Lani smiled to think how much Delia sounded like her son just then.
“On the day my brother Davy was baptized,” Lani answered, “Looks at Nothing, Fat Crack, an old Catholic priest named Father John, and my father all smoked it together. Until that happened, Davy was a boy with two mothers and no fathers. From that moment on, he was a boy with two mothers and four fathers. The four men hadn’t been friends before that, especially Looks at Nothing and Father John, but from then on they were. I’d like for us to do the same thing-smoke the peace smoke and become friends.”
“Because of Angie?” Delia asked.
“Not just because of Angie,” Lani said. “Fat Crack told my father once that someday he hoped the two of us would be friends. I’m beginning to think maybe he was right.”
With that she lit the cigarette, using a match rather than the lighter. She took a long drag, and then passed the cigarette to Delia. “Nawoj,” she said.
For a time the two women sat in silence with the desert heat shimmering around them and with the sweet-smelling smoke enveloping them as well.
“When I first came back here I was jealous of you,” Delia admitted at last. “I didn’t understand why Fat Crack spent so much time with you. I thought he should be teaching what he knew to Leo or Richard, to one of his own sons, instead of to someone else, especially to someone who was being raised by Anglos. Now, though, I understand why. Leo and Richard weren’t interested in all those things-not the way you are. Not the way Gabe is.”

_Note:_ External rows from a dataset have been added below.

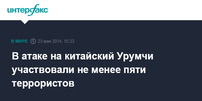 Москва. 23 мая. INTERFAX.RU - Китайские следователи установили личности пятерых террористов, погибших 22 мая при нападении в городе Урумчи, сообщает китайская англоязычная газета Global Times.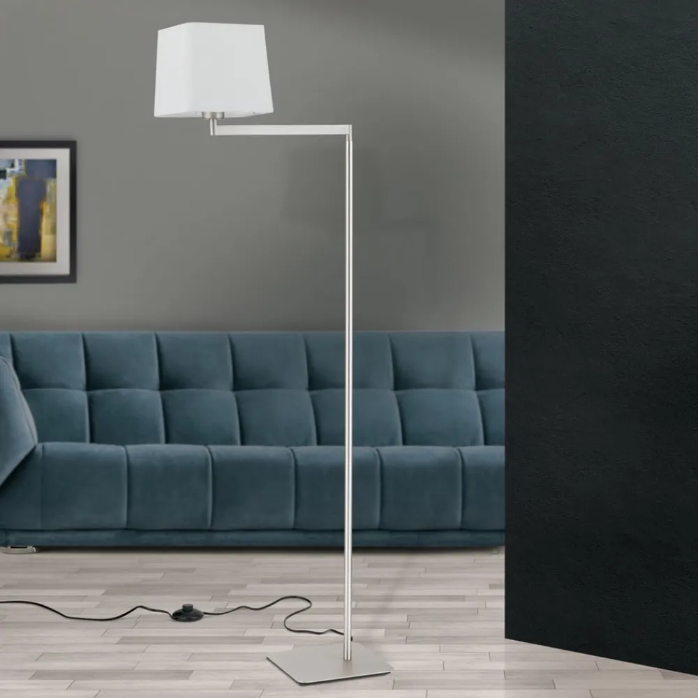Carlton tekstilgulvlampe, mat nikkel^ORION Hot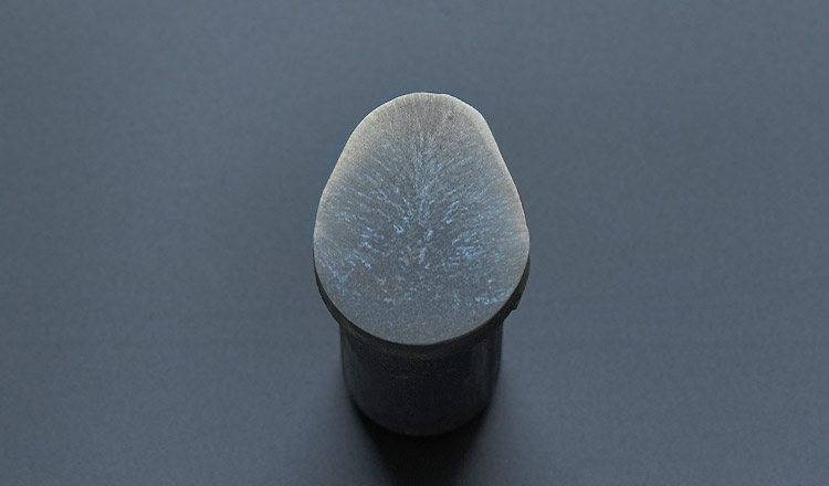 チルカムとは、片状黒鉛鋳鉄(FC)を材質として、鋳造時にカムノーズ部分にチラーを用いて急速凝固させることで、カムノーズ部の硬度を高くしたシャフトカムです。硬くしたいところは硬くしつつ、切削性も求められる要求品質の高い製品ですが、厳しい成分管理、溶湯の温度管理、冷却時間管理、万全な品質保証体制・高い現場力により安定した製品を供給しています。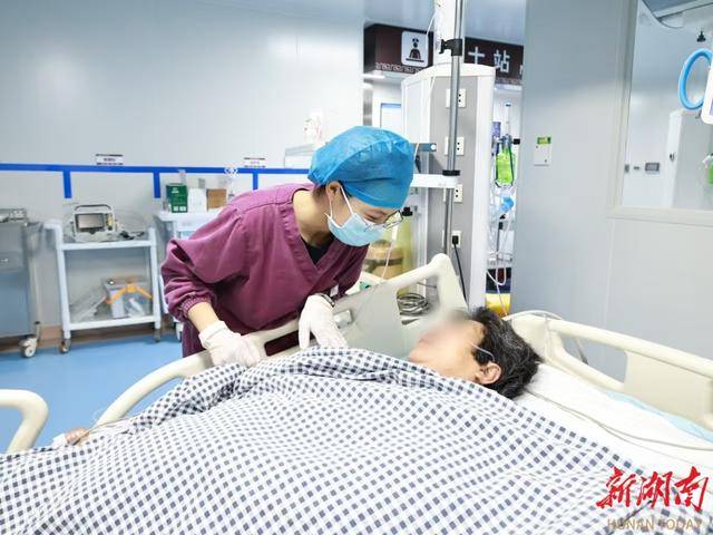 图为永州市新田县中医医院ICU护士与患者温柔沟通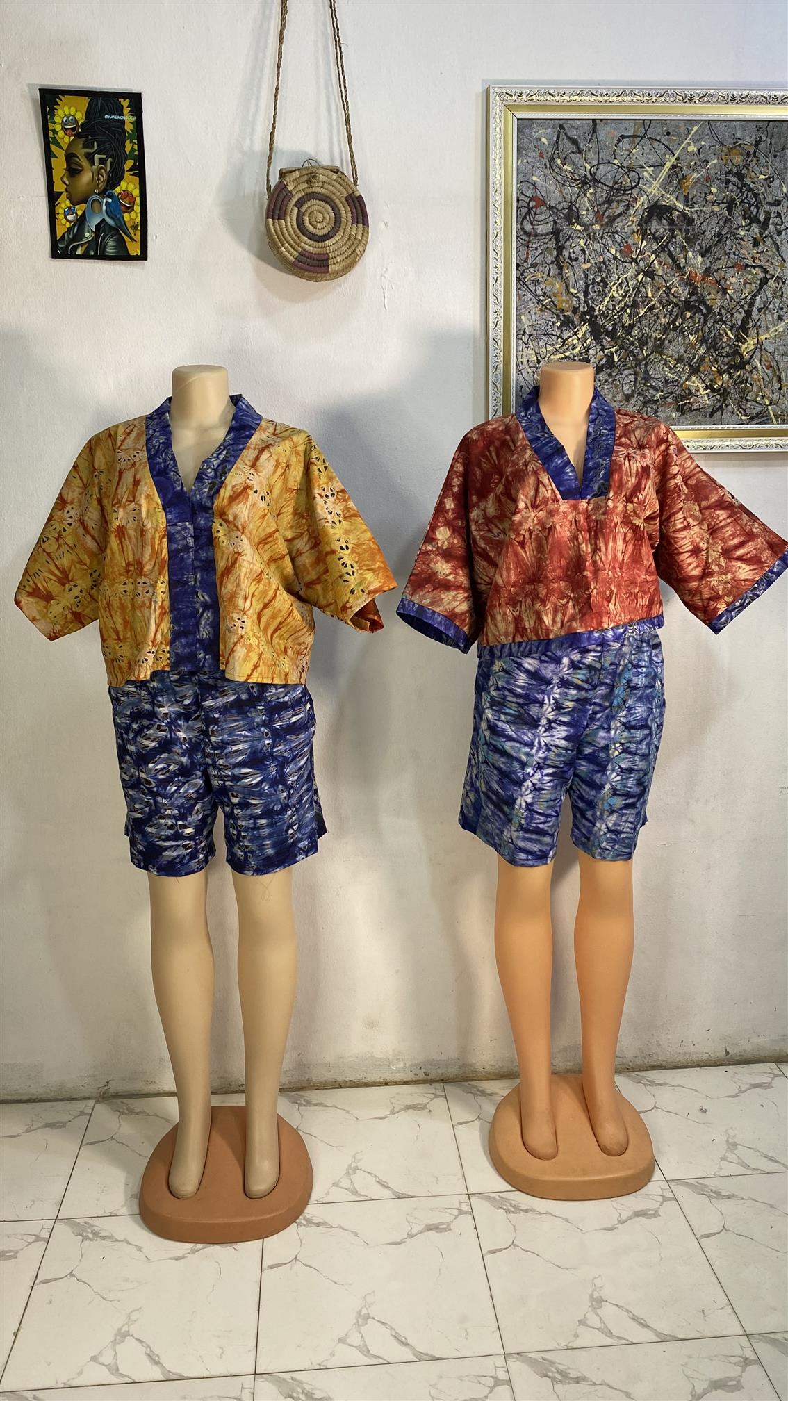 We have trendy beautiful Adire cotton Shorts available. Chat us for more pictures and We offer mass production for wholesalers. You can dropship for us too.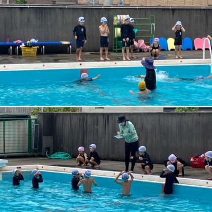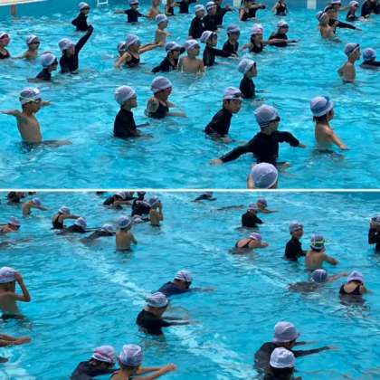 今日は蒸し暑いので、プールの中は気持ちがよく、みんなとても楽しそうです。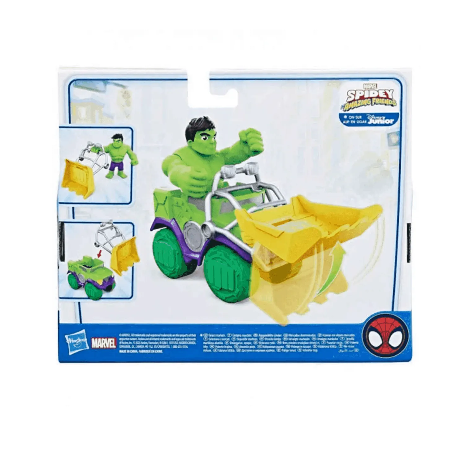 El set incluye una figura de Hulk de 10 cm y un camión con buldócer que lleva la fuerza y el poder del gigante verde a tus manos. Ahora, los niños podrán recrear emocionantes escenas y aventuras junto a sus superhéroes favoritos inspirados en el programa preescolar de Marvel.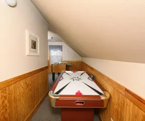 The chalet welcomes you with a warm and inviting atmosphere, featuring a cozy indoor fireplace to gather around on cool evenings. Enjoy the modern convenience of high-speed WiFi and air conditioning, ensuring a comfortable stay no matter the season. The game area promises endless entertainment, while the outdoor hot tub offers a perfect spot to soak and stargaze.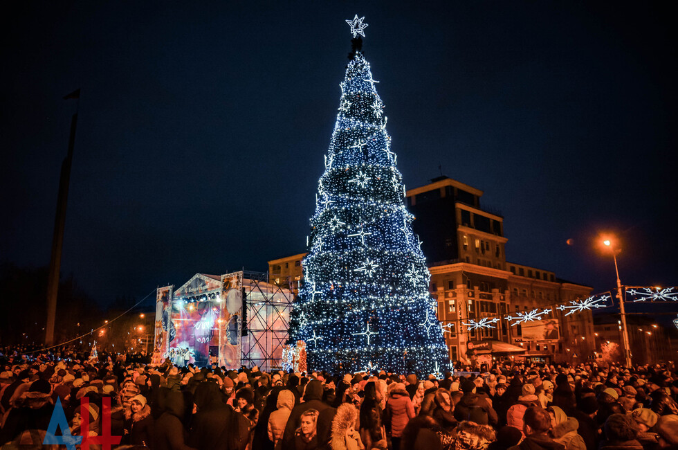Добавим, что главная новогодняя елка ДНР собрана из множества секций, ее высота составляет 23 метра. Украшена ель трехкилометровой гирляндой в синем и белом цветах, а также более чем 150 игрушками. Увенчана елка пятиконечной звездой ярко-белого цвета.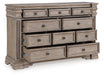 Discover something exceptional with this dresser. Its impressive silhouette offers a casual traditional aesthetic, embodied by classic-inspired columns and a relaxed grayish brown finish. Inset framed drawers of various sizes are casually cool and packed with ample storage possibilities.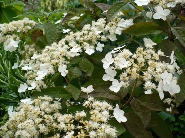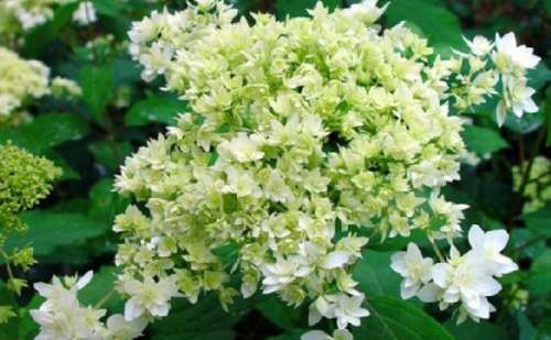 2. Гортензия Бретшнейдера (Bretschneideri) – высота и диаметр растения до 3-х м, округлая, с раскидистыми побегами, достаточно засухоустойчивая, в поливе нуждается только в засуху. Родина растения - Северный Китай. Культивируется с 1882 г. Листва меняет свою окраску от насыщенно – темно – зеленых оттенков весной и летом до желто – бурого цвета осенью. Цветки собраны в щитковидные соцветия и держатся очень долго. В начале цветения цветочки имеют зеленоватый оттенок, переходящий в чисто белый. Затем появляется розовая окраска, а к концу лета лепестки становятся малиновыми. При поливе кислым раствором снежно – белые лепестки могут стать голубыми. Зимостойкость у данного вида высокая, но в суровые зимы могут подмерзать концы побегов. Соцветия щитковидные, в основном с фертильными цветками и только по краям цветки стерильные, крупные, до 3-х см в диаметре. Взрослое растение имеет красивую раскидистую форму, не агрессивна. Иногда ее называют почвопокровной, но это ошибочное мнение. Цвести начинает на 6-ой год.

Delia passed the cigarette back to Lani.
“And then, even though he was a Christian Scientist, Fat Crack insisted that we should invest tribal money in turning you into a doctor. I lobbied against that as well. I thought your Anglo parents should foot the bill for your education. Now, though, I understand that, too, because I see what you’re doing. Yes, you’re a medical doctor, but you understand the traditional ways and take those things into consideration.”
There was another period of silence, punctuated by puffs of smoke. “Did you know my mother is gay?” Delia asked.
Lani shook her head. “No.”
“My parents broke up when I was little,” Delia said. “For a long time I assumed it was because my father was a drunk. It turns out that was one reason for the split, but it wasn’t the only one. My mother was attracted to women. Ruth Waldron, the woman who eventually became my mother’s partner-who still is my mother’s partner-came from money, old East Coast money. Ruth saw to it that I had every educational advantage her money could buy.”
“So you were a girl with two mothers, too,” Lani murmured. “Just like I was with Diana Ladd and Nana Dahd.”
Delia smiled and nodded. “With Fat Crack’s encouragement, the tribe saw to it that you got your education. An Anglo paid for most of mine. I’m hoping that between the two of us we can do the same kind of thing for Angelina Enos-give her the same kind of advantages that were given to us. So have you made a decision?” Delia asked. “Are you willing to take her?”
“Yes,” Lani said. “I am, and I’m willing to take her today. I think it’s criminal that the Escalantes would turn her away just as they turned me away.”
“Good,” Delia said. “I’m glad to hear you say that.”
“But how will all this work?” Lani asked. “I can’t just walk into the hospital and insist that they hand her over.”
“Yes, you can,” Delia said. “Right after I spoke to you I called Judge Lawrence. He’s drawing up a court order declaring you to be Angie’s temporary guardian. All you have to do is go by his place and sign it.”
Lani was taken aback to think that Delia had known in advance what her decision would be. “What about later?” she asked. “What if some other relative of Angie’s comes forward and offers to take her?”
“They won’t,” Delia declared. “They didn’t come for you, and they won’t come for Angie.”
Delia Ortiz took one last drag on the smoldering remnant of the cigarette. “Nawoj,” she said again as she passed it back.
Much to her surprise, Delia Ortiz realized that somehow the wiw had done its magic work. Through the haze of sweet-smelling smoke it seemed entirely possible that she and Lanita Dolores Walker could be friends after all, exactly as her father-in-law, Fat Crack, had intended.